White liberalism has problems. First it was Bill Mahler on his Islamophobia rant, now it’s a column in the Independent. They claim to speak for liberal values, which are often broadly reducible to atheism and LGBT people. I want to address this.
For too long, the atheist and LGBT communities have tolerated our self-appointed leaders seeking advantage in Islamophobia. Maybe Richard Dawkins and Peter Tatchell really think there is some threat of Sharia Law being imposed in the UK. However, this seems unlikely. Muslims make up a tiny minority in Europe in general and within the UK. Even if a majority of Muslims were in favour of abandoning a thousand years of common law, (which is already a dubious assertion), they don’t have the political backing or the numbers to make this happen. The idea that this is some kind of threat is absurd. Dawkins and Tatchell are being deliberately disingenuous. These men are (presumably) smart enough to know better.
Meanwhile, Christianity, the majority religion, is often threatening to both atheists and LGBT people. One need look no further to our closest allies, the US, to see a country where Christian parents can bully their trans children to death, like the case of Leelah Alcorn. And where Christianity is such an official part of that ‘secular’ state, that they hold a National Day of Prayer. Indeed, former president George HW Bush gave an interview where he called for atheists to be stripped of their citizenship. American Christian extremists are part of an international network, which does have links in the UK and have done some serious harm abroad. These religious extremists have travelled to Uganda, specifically to persecute LGBT people there.

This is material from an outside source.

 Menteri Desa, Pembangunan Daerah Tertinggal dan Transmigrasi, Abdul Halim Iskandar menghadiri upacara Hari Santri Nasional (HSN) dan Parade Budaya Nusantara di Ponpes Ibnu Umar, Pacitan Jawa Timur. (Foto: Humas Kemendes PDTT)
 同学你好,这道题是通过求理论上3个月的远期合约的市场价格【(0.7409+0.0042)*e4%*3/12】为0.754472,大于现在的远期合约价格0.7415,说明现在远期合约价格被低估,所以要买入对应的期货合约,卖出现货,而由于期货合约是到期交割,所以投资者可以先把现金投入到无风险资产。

And nobody spills endless ink on a national stage about the Christian threat. Because Christians are dominant and have power. Which is exactly why they actually are a threat, and also why nobody wants to have to deal with the fallout. Because obviously not all Christians are extremists, only a small minority – something that is also true for other religions, although that fact tends to be conveniently forgotten. When one lives in a dominant Christian milieu, it’s immediately very obvious that there are some positive aspects to the structures created by Christian organisations and that many Christians are peaceful and harmless and privately horrified by the misogynistic and homophobic activities undertaken under the banner of Christianity. Yet, somehow, white liberals are systematically unable to perceive that this kind of ideological diversity might exist in Islam. Why is that?

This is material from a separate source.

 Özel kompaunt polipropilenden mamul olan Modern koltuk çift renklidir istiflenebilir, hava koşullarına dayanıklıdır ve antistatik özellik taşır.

LGBT people and, to a much lesser extent, atheists in the UK are ‘subaltern’. In many ways still, we do not have direct access to power and are not granted platforms to advocate for ourselves unless we enter into a bargain with the powerful. We can have nice shiny platforms to advocate for ourselves only if we couple that with advocating against other unpopular groups. At least, according to Spikvak in Can the Subaltern Speak. Surely now, though, atheists and LGBT people are much more empowered than we used to be? And Grace Dent, the Independent columnist, does not appear to be part of the LGBT community, so we’re not even getting access to a major media platform, we’re just being used as a stick to beat people with. Our role as subaltern has shifted from being consistently outsider to some sort of militarised symbol of tolerance. ‘Look at how well we treat LGBT people’ says the west (please pay no attention to the discrimination behind the curtain). We’re better than our military enemies because we’re less awful. And thus our militarism becomes pink-washed. We invaded Kuwait many years ago to defend premature infants thrown out of incubators by the Iraq army (one of the most telling and canny lies ever told in the US congress). Now we fight ISIS to save the gays. Militaries that only recently decided to admit LGB people are now supposed to be our saviours.
There are multiple problems with this model, aside from the obvious moral ones. If we turn LGBT people into symbols of western values and western tolerance, then those who we would bomb are incentivised do the same. Putin shows he’s different from the bullying US though the state’s aggressive homophobia. Western militaristic pink washing puts the lives of LGBT people in other countries at risk. LGBT people in the west, as a whole, don’t have a lot to gain from this strategy (although individual self-appointed leaders may find it personally very rewarding), but our community overseas has really a lot to lose.
Furthermore, and very importantly, this narrative erases the entire existence of Muslim LGBT people, especially those who are organising for their own rights. The binary opposition of white liberal vs homophobic Muslim is an invention of the western press, serving the pinkwashed military. This is the ideological heir of Blair’s war in Iraq. The binary opposition of white racist vs LGBT Muslim almost never arises in the media, despite this being a real issue with a real, non-imaginary risk of violence for people in the UK. Hate crimes maim and kill people in the UK. ISIS doesn’t. One of these things is a real risk for people here. The other isn’t. Some fascist groups in East London have specifically appealed to the imaginary dichotomy between LGBT people and Muslims as a basis for their organising. The kind of rhetoric used in today’s Independent is not without consequences.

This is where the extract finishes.